Automated theorem proving (ATP) is the discipline of building systems that mechanically construct, check, or search for mathematical proofs. Classical ATP grew out of first-order logic and resolution; modern ATP is a federation of three communities that have only partially merged: interactive proof assistants (Coq, Lean, Isabelle/HOL, Agda) where a human directs a kernel that checks every step; automated solvers (SAT, SMT, saturation provers) that close goals without human guidance; and a fast-moving learning-guided layer that uses neural models, sometimes large language models, to pick tactics, generate whole proofs, or steer symbolic search. The field’s methodological work cuts across four axes: how to represent the proof state a prover or a model sees, how to search the resulting space efficiently, how to trust the answer (i.e. preserve a small checkable kernel), and how to scale either by mining existing libraries or by synthesising training data when human proofs are scarce.

Neuro-symbolic search and synthetic data

The hardest open ATP problems sit in domains where human proofs barely exist as training data — olympiad geometry being the canonical example. Trinh et al. (2024) attack this with AlphaGeometry, a neuro-symbolic prover for Euclidean plane geometry that sidesteps the data scarcity by synthesising millions of theorems and proofs at varying levels of complexity, then training a language model from scratch on the synthetic corpus and pairing it with a symbolic deduction engine. The language model proposes auxiliary constructions — the points and lines a human geometer would draw — while the deduction engine grinds through the consequences. On 30 recent olympiad problems AlphaGeometry solves 25, approaching average IMO gold-medal performance and producing human-readable proofs. The result is interesting beyond geometry: it argues that for proof domains where corpora are too small to imitate, synthetic-data generation paired with a symbolic verifier can substitute for human demonstrations, with the verifier guaranteeing that every training example is sound.
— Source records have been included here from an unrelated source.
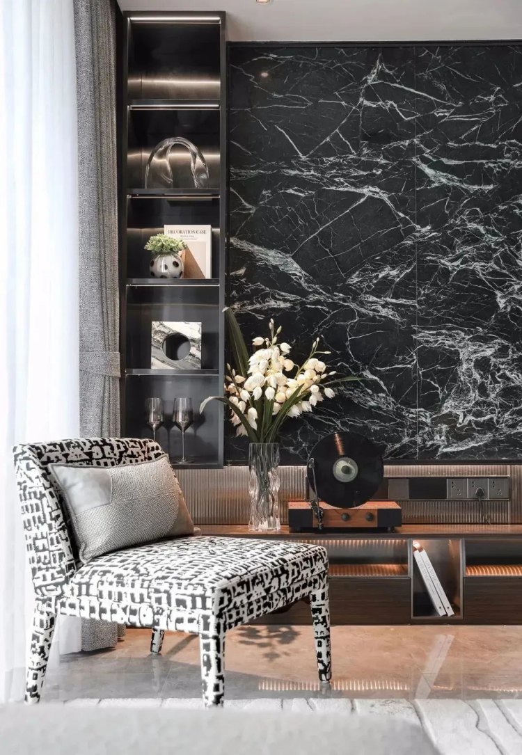 Een kamer wordt onmiddellijk dramatischer en eleganter gemaakt door het gebruik van zwart marmer. Het ziet er geweldig uit op vloeren, deurframes of accentstukken met een donkere achtergronden en opvallende aderen. Gebruik het gewoon spaarzaam omdat te veel zwart af en toe een kamer een koud of zwaar gevoel kan geven.
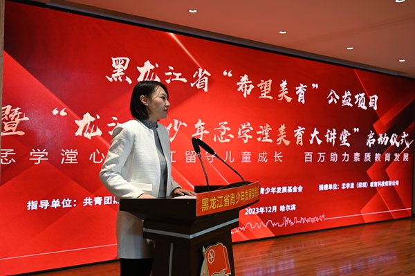 為深入貫徹習(xí)近平總書記對希望工程實(shí)施30周年的重要寄語精神,進(jìn)一步提升新時(shí)代希望工程的助學(xué)育人質(zhì)量,12月12日,黑龍江省“希望美育”公益項(xiàng)目暨“龍江青少年孞學(xué)漟美育大講堂”啟動(dòng)儀式在希望大廈舉行。黑龍江省文學(xué)藝術(shù)界聯(lián)合會(huì)一級(jí)巡視員張正明,共青團(tuán)黑龍江省委副書記代東力,黑龍江省青聯(lián)委員、深圳市孞學(xué)漟教育科技有限公司創(chuàng)始人楊梓杺,黑龍江省民政廳、黑龍江省青少年發(fā)展基金會(huì)等相關(guān)單位領(lǐng)導(dǎo),嘉仁公益、益家公益代表,伙伴計(jì)劃社區(qū)代表,哈爾濱市松北區(qū)樂業(yè)小學(xué)“童心港灣”代表,哈爾濱市蘇寧紅軍小學(xué)校、哈爾濱市合眾人壽希望小學(xué)、哈爾濱新區(qū)第三學(xué)校等學(xué)校師生代表參加活動(dòng)。
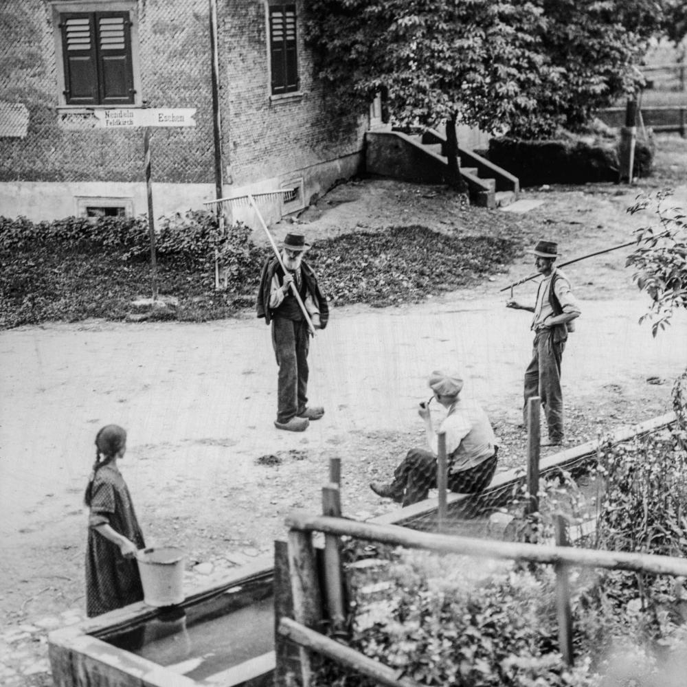 Im Vordergrund: v.l.n.r. Anna Wohlwend am Brunnen mit Kübel (1911–1997), Martin Matt mit Rechen, Altkassier (1848–1927), sitzend Sepp Nagel (1886–1965), Alfons Matt (1889–1981). Der Brunnen stand am Gartenzaun von Josef Wohlwend (1872–1925) Nr. 57. Im Hintergrund Haus Josef Kieber, Gänsenbach 59, «Simma-Sepp», Abbruch 1971, Der Beiname «Simma» oder «Sima» stammt von Simon ab.
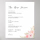 Affiche Menu de la barre du Mariage rose Modèle des signes
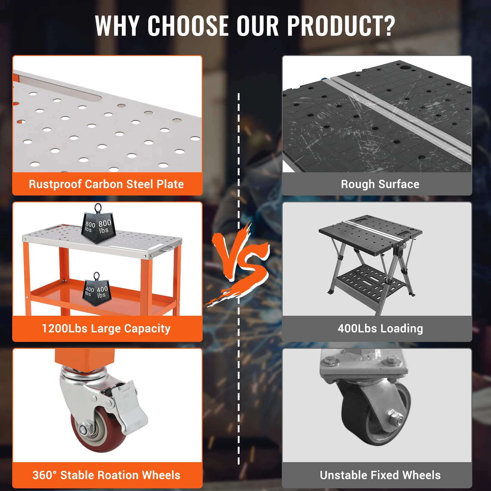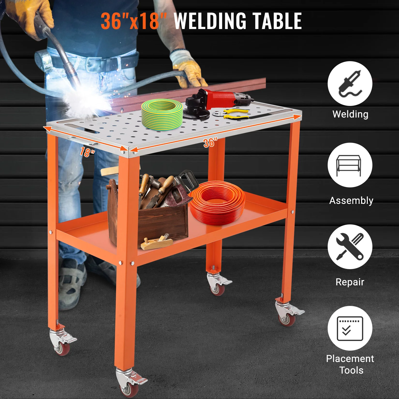 Garvee 36"x18" Welding Table, 1200lbs Load Capacity Heavy Duty SteeL Workbench with Wheels, Portable Welding Cart with 4 Tool Slots and Tool Tray for Garage, Shop
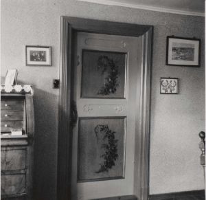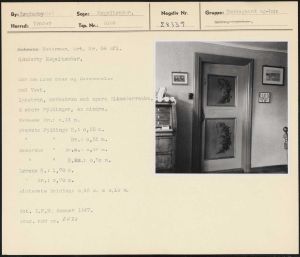 Maskingenkendt tekst fra arkivkort. Andreas: Petersen. Art. Nr. 54 mfl. Sønderby køgeltønder. Dør me llem Stue og Soveværelse mod Vest. lysedrun, mørkebrun med nyere 5låmsterranke, 2 store Fyldinger, en mindre. karmens bBr: 0,13 m. Øverste Fyldings H) 0,55 m. " " Br: 0,55 m. nederste " Br.X: 0,55 m. " " H.8R: 0,70 m. Dørens H: 1,78 m. Br: 0,78 m. midterste lvyleing: 0,45 m. x 0,1o m. Fot. I.F.M. Sommer 1947, Jvnf. NEU kr. € 778
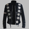 Pánská černá sametová gotická bunda s kovovými ozdobami ve stylu steampunk
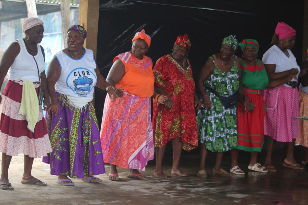 Mujeres entonan y danzan un canto ancestral en Barauda, Nueva Armenia.
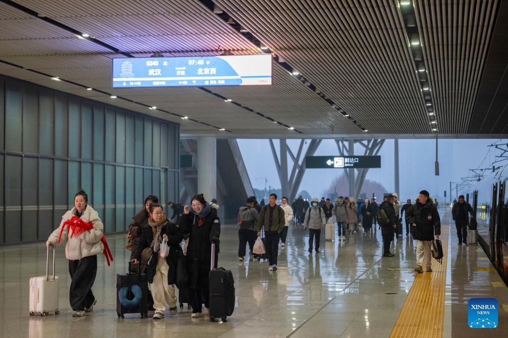 Pasajeros suben al tren No. G340 en la estación de Ferrocarril de Wuhan, en Wuhan, en la provincia de Hubei, en el centro de China, el 26 de enero de 2026. Un nuevo horario de trenes a nivel nacional entró en vigor en China a partir del 26 de enero de 2026 con una mayor capacidad y eficiencia en el transporte de pasajeros y mercancías. (Xinhua/Wu Zhizun)

Large language models and whole-proof generation

A complementary thread treats ATP as a sequence-to-sequence task on top of existing proof-assistant libraries. First et al. (2023) introduce Baldur, a system that fine-tunes a large language model on Isabelle/HOL proofs and generates whole proofs in a single shot rather than one tactic at a time, breaking with the dominant tree-search paradigm of earlier learned provers. They further train a second model to repair failed proof attempts using the failed proof plus the kernel’s error message as context, recovering a substantial fraction of initial failures. Evaluated on 6,336 Isabelle theorems, Baldur establishes a new state of the art for fully automated proof synthesis and is shown to be complementary to the search-based tool Thor: together they prove 65.7% of the benchmark fully automatically. Two methodological commitments stand out — generation in one shot is more efficient than search at comparable proving power, and giving the model the kernel’s own error feedback turns the proof assistant into a tight outer loop.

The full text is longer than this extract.